Summary: your boss is an asshole, you know this. But what happens when he turns his wrath upon you? (plus!reader)
Characters: Lloyd Hansen, this reader is known as Missie.
Author’s Note: Please feel free to leave some feedback, reblog, and jump into my asks. I’m always happy to discuss with you and riff on idea. As always, you are cherished and adored! Stay safe, be kind, and treat yourself💜
💼Part of the Bad Bosses AU💼
Maestro’s is a nice place. Your dress feels even louder in the high-end restaurant. And you feel even more tired as the dim lighting softens the edges of your vision. Mr. Hansen looms there too, ushering you after the hostess as she leads you to your reserved booth.
A man awaits you. He doesn’t stand or offer Lloyd a handshake. He simply finishes his martini and shoves the empty glass at the hostess, keeping the olive to chew on.
“’Bout time,” he mutters at Hansen around the garnish.
“Nice to see you too, Hugh,” Hansen nudges you ahead of him. You slide onto the curved bench silently. The man finally looks up from his glowing phone. He scoffs in your direction. “Who’s the grade school teacher?”
“Assistant,” Hansen drops down and glides in close to you. “She’ll keep minutes.”
“Really? Alright,” he snorts.
“Well, you want an investment so... it’s business, isn’t it?”
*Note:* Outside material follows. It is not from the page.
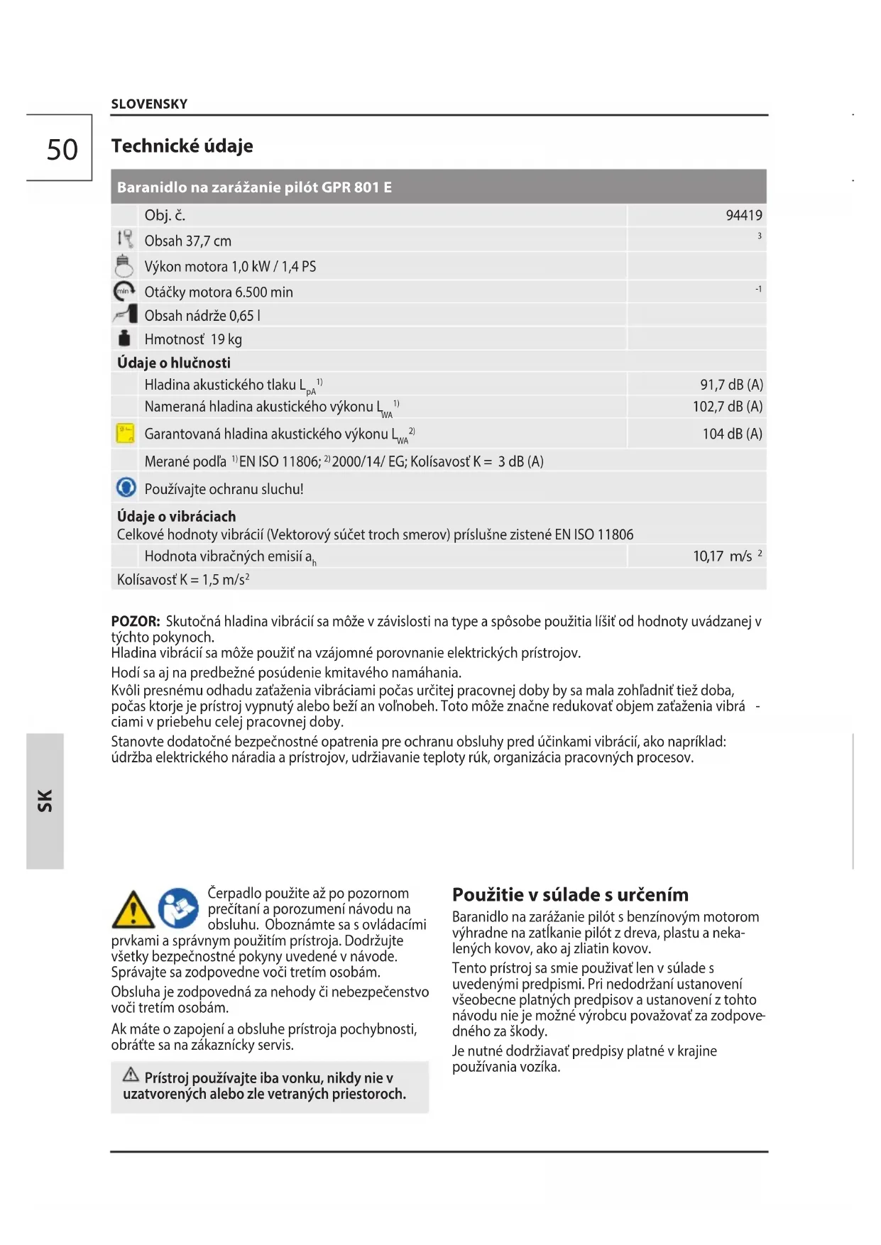 ciami v priebehu celej pracovnej doby. Stanovte dodatočné bezpečnostné opatrenia pre ochranu obsluhy pred účinkami vibrácií, ako napríklad: údržba elektrického náradia a prístrojov, udržiavanie teploty rúk, organizácia pracovných procesov. SLOVENSKY Čerpadlo použite až po pozornom prečítaní a porozumení návodu na obsluhu. Oboznámte sa s ovládacími prvkami a správnym použitím prístroja. Dodržujte všetky bezpečnostné pokyny uvedené v návode. Správajte sa zodpovedne voči tretím osobám. Obsluha je zodpovedná za nehody či nebezpečenstvo voči tretím osobám. Ak máte o zapojení a obsluhe prístroja pochybnosti, obráťte sa na zákaznícky servis. Prístroj používajte iba vonku, nikdy nie v uzatvorených alebo zle vetraných priestoroch. Použitie v súlade s určením Baranidlo na zarážanie pilót s benzínovým motorom výhradne na zatĺkanie pilót z dreva, plastu a neka- lených kovov, ako aj zliatin kovov. Tento prístroj sa smie použivať len v súlade s uvedenými predpismi. Pri nedodržaní ustanovení všeobecne platných predpisov a ustanovení z tohto návodu nie je možné výrobcu považovať za zodpove

“Thought we were getting drinks and steak,” the other man he called Hugh sits back casually.
“Missie, Ransom, Ransom, Missie. There, all introduced,” Hansen picks up the liquor menu and pets his mustache. You notice how he toys particular with the shining silver strand.
“Nice to meet you, uh, Ransom,” you intone.
“Yeah, sure,” he sniffs and rolls his eyes. You’re an intruder, if not an imposter. Not just at this table but in this restaurant. You should be with Peter getting your sandwich with extra pickles.
The men are silent. You look between them as the tension rise. A waitress reappears with a fresh martini and puts it before Ransom. Hansen sits up and puts down the small menu.
“Scotch, top shelf for me, and a vodka tonic for the lady. She’s watching those hips,” he orders. You don’t put in that you’d rather not drink. You doubt he’ll notice if you touch it or not. Besides, it’s a courtesy you don’t expect of him.
“You going to the reunion?” Ransom asks over his martini.
“Nah, stuff’s sad. Bunch of washed out legacies and stringy armed pledges.” Hansen retorts.
“Mr. Big Stuff’s too cool for school,” Ransom chortles. “Imagine this, honey,” he gestures to you with his stemmed glass. “Big boss man used to be the frat’s treasurer. Penny pincher. Kept a fucking stranglehold over every penny. Wouldn’t even put out for cups for beer pong--”
“Not all of have grandaddy’s trust fund to fall back on--”
“Bro, don’t even. Your mom is loaded.”
“Where do you think I got my good sense from?” Hansen counters. The server returns with your drinks and sets them down, offering a food menu. The men wave those away. Your stomach growls.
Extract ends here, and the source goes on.